Rolling shutter와 camera-IMU time offset은 residual family 바깥의 예외가 아니라, projection model \(\pi(\cdot)\)나 state vector에 추가되는 calibration/temporal parameter로 볼 수 있다.

\[ \min_{\var{\{R_i,t_i\},\{X_j\},\tau}} \sum_{i,j} \left\| \obs{u_{ij}} - \pi_{\mathrm{RS}}\!\left(\fix{K},\fix{d},\var{R_i(t_{ij}+\tau)},\var{t_i(t_{ij}+\tau)},\var{X_j}\right) \right\|^2 \]

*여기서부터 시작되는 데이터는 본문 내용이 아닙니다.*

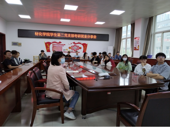 5月10日材化学院学生第二党支部在工三-410举办考研就业分享会。会议由党支部书记刘强主持,支部党员许超、王佳琪、李昊分享了自己的考研就业经验及心得。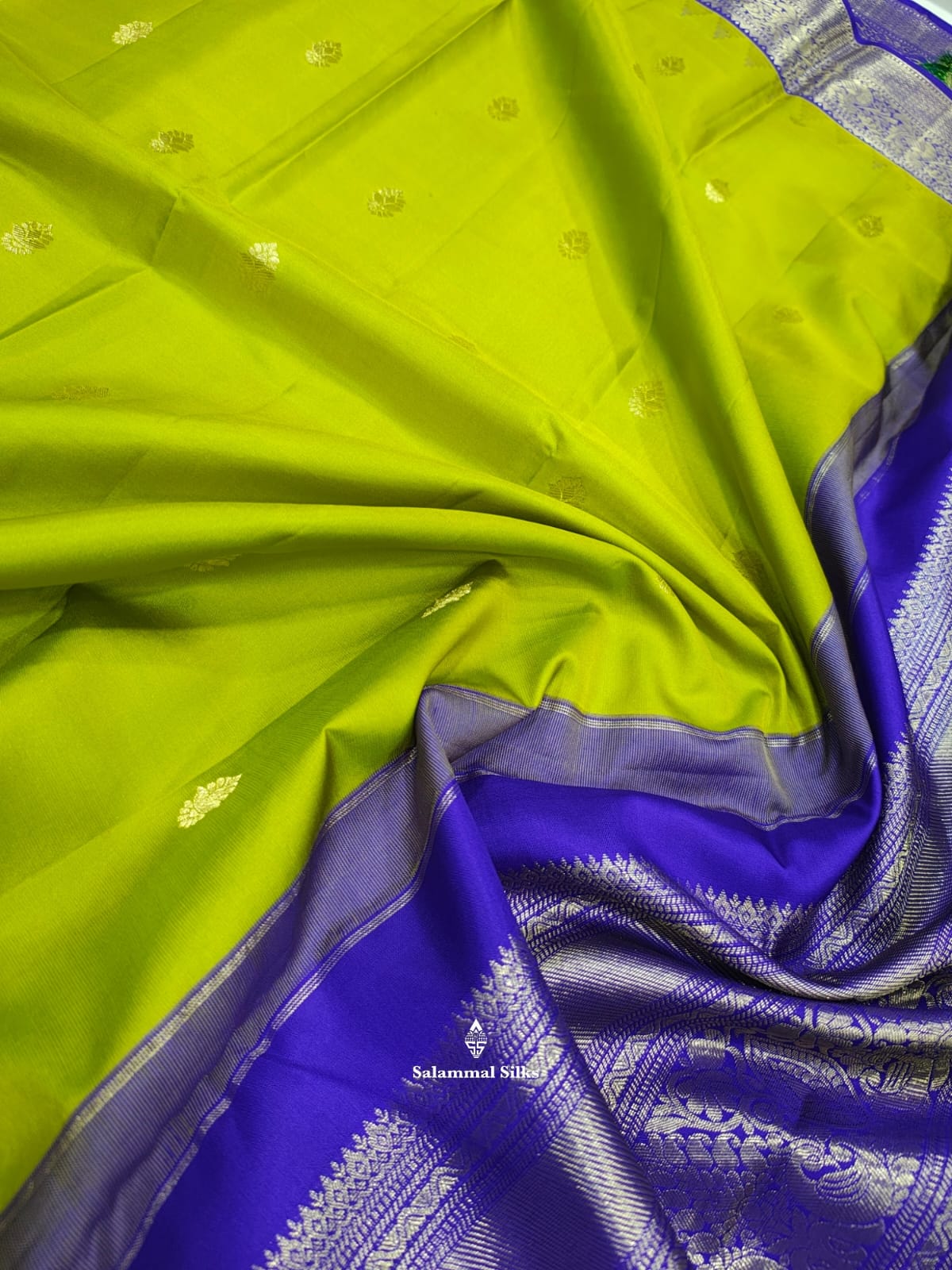 Kanjivaram Parrot Green Pure Silk Saree With Royal Blue Border

여기서 \(\pi_{\mathrm{RS}}\)는 rolling-shutter-aware projection model이고, \(\tau\)는 sensor time offset이다. 즉 더 복잡한 센서 모델도 결국 residual 안의 projection 함수와 unknown block을 확장하는 방식으로 들어온다.

Fisheye camera는 이 표에 어디 들어가나?

Fisheye도 residual family가 달라지는 것이 아니라 projection model이 바뀌는 경우다. pinhole projection \(\pi\) 대신 fisheye projection \(\pi_{\mathrm{fish}}\)를 쓰고, distortion parameter \(d_{\mathrm{fish}}\)를 fixed 또는 variable block으로 둔다.

\[ \min_{\var{K,d_{\mathrm{fish}},\{R_i,t_i\}}} \sum_{i,j} \left\| \obs{u_{ij}} - \pi_{\mathrm{fish}}\!\left(\var{K},\var{d_{\mathrm{fish}}},\var{R_i},\var{t_i},\fix{X_j}\right) \right\|^2 \]

예를 들어 OpenCV의 fisheye calibration은 일반 pinhole distortion model 대신 fisheye 전용 projection과 distortion model을 쓴다. 하지만 관측 pixel과 예측 pixel의 차이를 줄인다는 optimization viewpoint는 그대로 유지된다.